WORK ORDER - Emit the data below verbatim, stripping out any pictures.

MATERIAL PROVIDED -
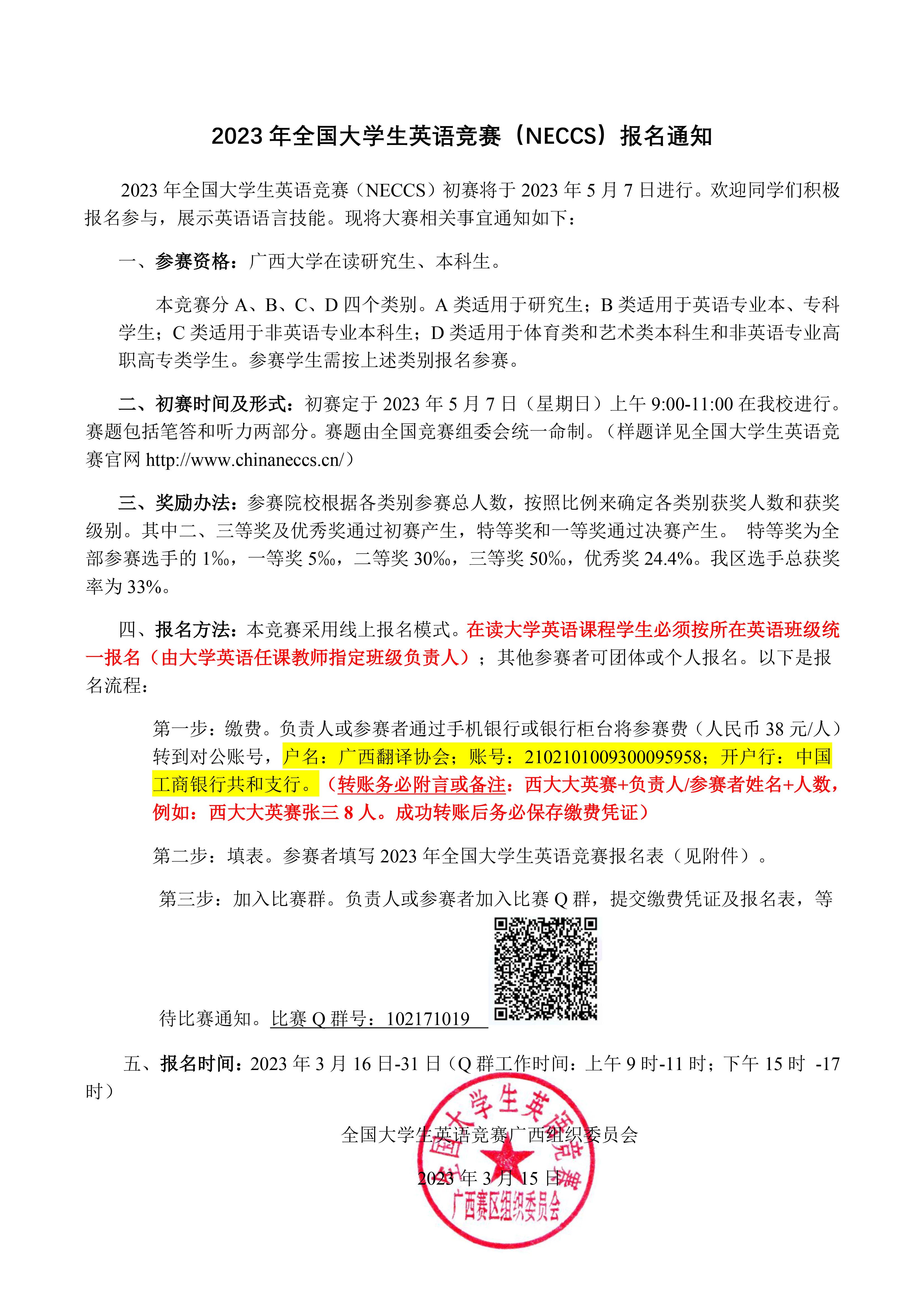 2023年全国老员工英语竞赛(NECCS)报名通知
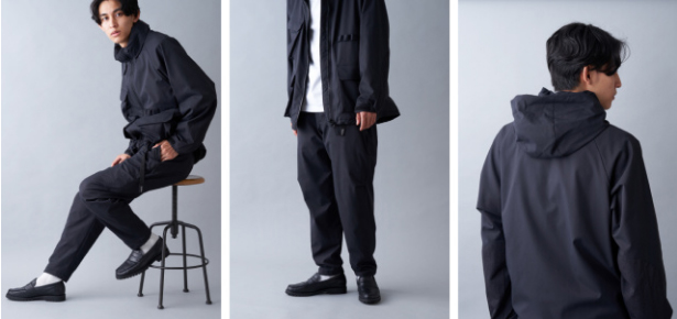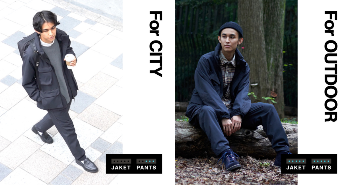 ジャケット・パンツ共にアウトドアメーカーWILD THINGSのウェアをベースにしたデザインで、アクティブシーンでは勿論のこと仕事やタウンユースでもオシャレに着こなせそう。
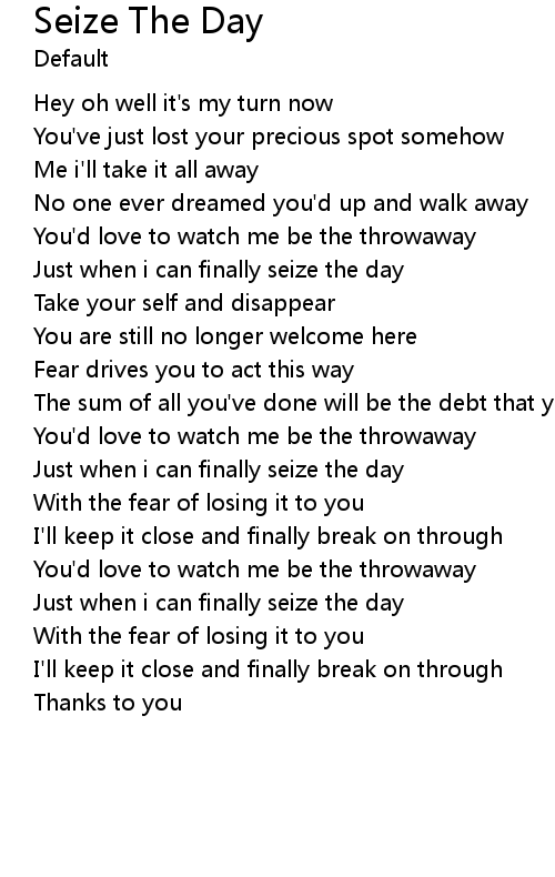 Just when i can finally seize the day |
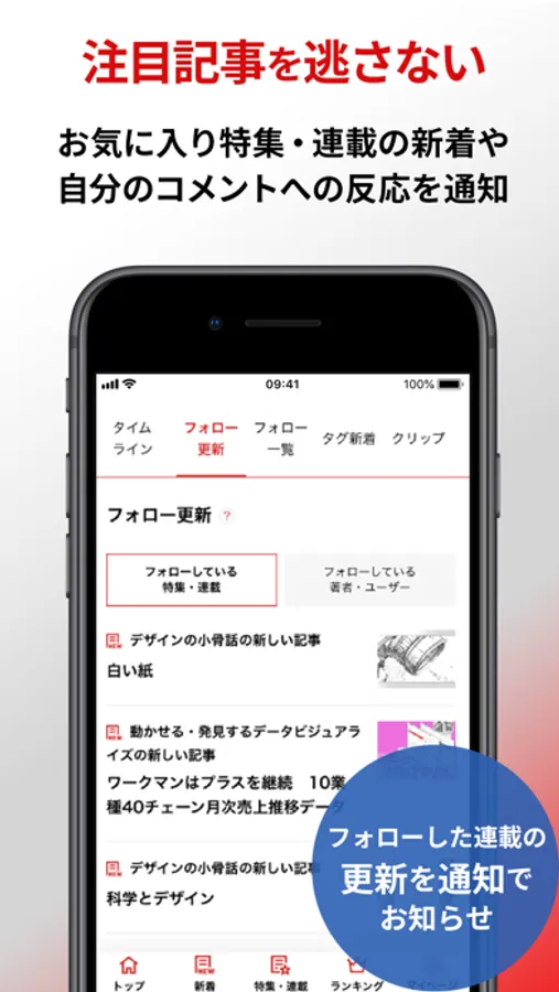 (2)気になった連載や著者をフォロー登録しておくことで、連載が更新された際にはトップページで通知を受けられます。

TASK ANSWER -
 2023年全国老员工英语竞赛(NECCS)报名通知
 ジャケット・パンツ共にアウトドアメーカーWILD THINGSのウェアをベースにしたデザインで、アクティブシーンでは勿論のこと仕事やタウンユースでもオシャレに着こなせそう。
 Just when i can finally seize the day |
 (2)気になった連載や著者をフォロー登録しておくことで、連載が更新された際にはトップページで通知を受けられます。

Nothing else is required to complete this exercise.